Most interesting, Hispanic Republicans are more likely to support gay marriage than the general Republican population by a significant 14 percentage points.


According to a new study published by the National Council of La Raza (NCLR) [PDF], 54 percent of Latinos say they support gay marriage. According to a Gallup Poll taken in May, 53 percent of the general American population now supports gay marriage.

The wide-ranging study illuminates many facets of Hispanic Americans' views of the LFBT community and gay rights, but perhaps what is most interesting is that Latino Republicans are much more likely to support gay marriage than the rest of the GOP.

Forty-two percent of Latino Republicans favor gay marriage. Only 28 percent of the general GOP supports gay marriage.

Interestingly, Latino Democrats are less likely than the general Democratic population to support gay marriage, though the gap is slightly smaller; 58 percent of Latino Dems support gay marriage compared to 69 percent of all Democrats.

Cuban-Americans make up only a small portion of NCLR's poll, but the results echo a poll of Miami-Dade Cubans in 2008. Back then, 68.5 percent of Cuban-Americans in the county identified as Republican.
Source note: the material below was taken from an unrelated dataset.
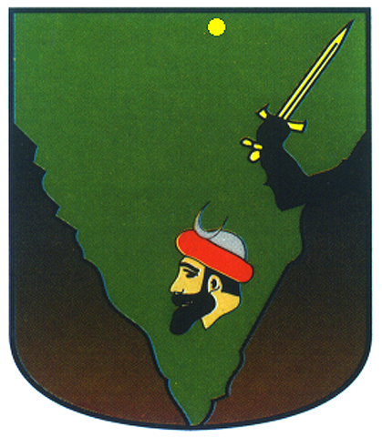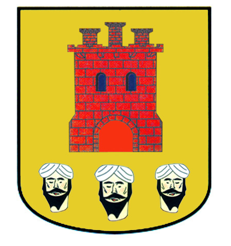 Armas: En campo de oro, un castillo de gules, y en punta, tres cabezas de moros.
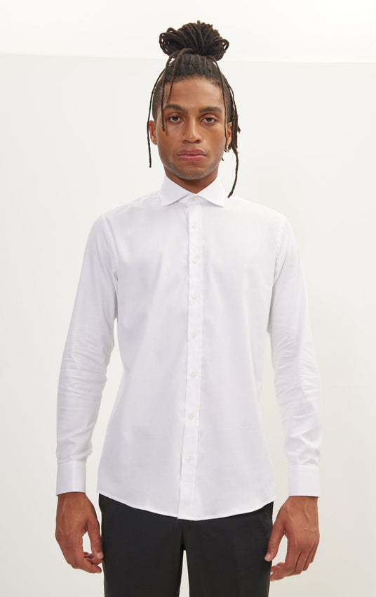 Pure Cotton Front Placket Spread Collar Dress Shirt - White

However, 70 percent of all Cuban-Americans in the county said they either opposed or had no opinion on a constitutional amendment that would ban gay marriage. Only 30 percent supported such an amendment.

This is perhaps why Cuban-American Republican Congresswoman Ileana Ros-Lehtinen is now the only Republican in the U.S. House who is a champion of gay rights and has faced little to no local backlash because of it. Perhaps that's why Republican former Rep. Lincoln Diaz-Balart broke with his party in one of the final major votes of his career to help repeal "Don't Ask, Don't Tell." And perhaps that's why when two registered Republicans with few substantial political position differences faced off in the nonpartisan county mayoral race, the one who had the endorsement from gay rights groups emerged victorious.

So word to NOM and the locally based anti-gay group the Christian Family Coalition: You have a lot of work to do to make opposition to gay marriage "a key badge of Latino identity."